IF 1.4 4区 医学 Q3 ORTHOPEDICS Pub Date : 2026-03-01 Epub Date: 2025-09-05 DOI: 10.1016/j.jos.2025.08.009
Yuta Kamo , Masatake Matsuoka , Tomohiro Onodera , Koji Iwasaki , Dai Sato , Taku Ebata , Yoshiaki Hosokawa , Eiji Kondo , Norimasa Iwasaki

Background

Angiosarcoma is a rare and aggressive malignancy arising from vascular endothelial cells, with distinct subtypes originating in bone (AS-B) and soft tissue (AS-ST). While these subtypes share pathological similarities, differences in clinical outcomes remain unclear due to limited data. This study aimed to compare the clinical features, treatment strategies, and survival outcomes between AS-B and AS-ST using the Surveillance, Epidemiology, and End Results (SEER) database.

Methods

A retrospective analysis was conducted using the SEER database from 2000 to 2020. A total of 3600 angiosarcoma cases were included, with 114 AS-B and 3486 AS-ST cases. Patient demographics, tumor characteristics, and treatment modalities were analyzed. Cancer-specific survival (CSS) and overall survival (OS) were assessed using Kaplan-Meier analysis, and risk factors were evaluated through Cox proportional hazards modeling.

Results

AS-B patients were predominantly male, with higher rates of extremity tumors and distant metastases compared to AS-ST. The 5-year CSS was 34.4 % and OS was 15.0 % for AS-B, compared to 38.3 % CSS and 26.0 % OS for AS-ST, with no significant differences after Cox proportional hazards modeling.
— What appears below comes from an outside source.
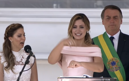 A nova primeira-dama do Brasil, Michelle Bolsonaro, realizou o primeiro discurso com o título de forma inédita: usando a língua de sinais. Enquanto a esposa do presidente Jair Bolsonaro (PSL) discursava em Libras uma intérprete traduzia as palavras dela.
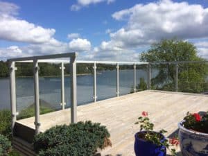 I det første eksempelet ser man at et glassrekkverk med to rettvinklede (90°) ytterhjørner.

Metastases were associated with poorer survival in AS-B, while surgical intervention and chemotherapy improved both CSS and OS. Similar trends were observed in AS-ST, with tumor grade, metastases, and treatment modalities influencing survival.

Conclusion

This population-based study highlights the distinct clinical features of AS-B and AS-ST. It also demonstrates comparable survival outcomes between the two groups. Although survival was similar between AS-B and AS-ST, their distinct clinical characteristics suggest the need for site-specific therapeutic considerations. Given the retrospective design, observed treatment effects should be interpreted as associations rather than causal relationships.
背景:血管肉瘤是一种起源于血管内皮细胞的罕见的侵袭性恶性肿瘤,有不同的亚型,起源于骨(AS-B)和软组织(AS-ST)。虽然这些亚型具有病理相似性,但由于数据有限,临床结果的差异仍不清楚。本研究旨在通过监测、流行病学和最终结果(SEER)数据库比较AS-B和AS-ST的临床特征、治疗策略和生存结果。方法:采用2000 - 2020年SEER数据库进行回顾性分析。共纳入血管肉瘤3600例,其中AS-B型114例,AS-ST型3486例。分析患者人口统计学、肿瘤特征和治疗方式。采用Kaplan-Meier分析评估肿瘤特异性生存期(CSS)和总生存期(OS),采用Cox比例风险模型评估危险因素。结果:AS-B患者以男性为主,与AS-ST相比,其四肢肿瘤和远处转移率更高。AS-B的5年CSS为34.4%,OS为15.0%,而AS-ST的5年CSS为38.3%,OS为26.0%,Cox比例风险建模后差异无统计学意义。AS-B的转移与较差的生存相关,而手术干预和化疗可改善CSS和OS。在AS-ST中观察到类似的趋势,肿瘤分级、转移和治疗方式影响生存。结论:这项基于人群的研究突出了AS-B和AS-ST的不同临床特征。它还显示了两组患者的生存结果具有可比性。尽管AS-B和AS-ST的生存率相似,但它们不同的临床特征表明需要针对特定部位进行治疗。考虑到回顾性设计,观察到的治疗效果应该被解释为关联而不是因果关系。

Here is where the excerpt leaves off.